そこへ蓮沼、増田、八神が突っ込んできた。
「再生する間もないくらい、素早く倒してやらぁっ」
「擂り潰してやる!」
怒涛の如く三人の剣士によって十二連の刃が振るわれ、鬼人は滅多斬りにされ血飛沫をあげながら倒れる。ラピスは秘色へと練成治療を発動させた。肩の傷が癒えてゆく。
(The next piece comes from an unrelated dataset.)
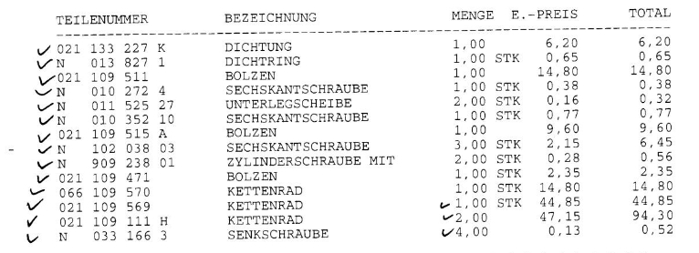 Отделно от това ми трябваха зъбни колела, които ги взех от VW директно, плюс дреболии, цените са в евро:

最後の鬼人は背を向け逃走に移るも、後背から瓜生のエネルギーガンとナオの弓、リオンの拳銃と、秘色のスコーピオン、ラピスの超機械が襲いかかる。烈光が閃き、矢が音速を超えて突き刺さり、弾丸が次々と撃ちこまれ、蒼光の電磁嵐が荒れ狂う。圧倒的な破壊力の前に細胞を再生する間もなく絶命し、倒れた。
「皆さん、援護にきたのですよ〜!」
アサルトライフルを構えてシエラがホールに飛び込んできた。
「‥‥あれ?」
途中の罠に少しひっかかったのか、多少煤けてる少女はきょろきょろと周囲を見回す。
「もしかしてっ、もう終わっちゃってますか〜?!」
一同は少女を見てこくりと頷いたのだった。
かくて洞窟の鬼人は退治され、マドラガンの町を取り囲む脅威はまた一つ減少した。
しかしキメラの数は無数であり。町にはまだ脅威が残っているのが現状だ。
だが別の脅威に関してはまた別の話であり、洞窟の鬼人にまつわる物語は、これにて一巻の終わりとさせていただこう。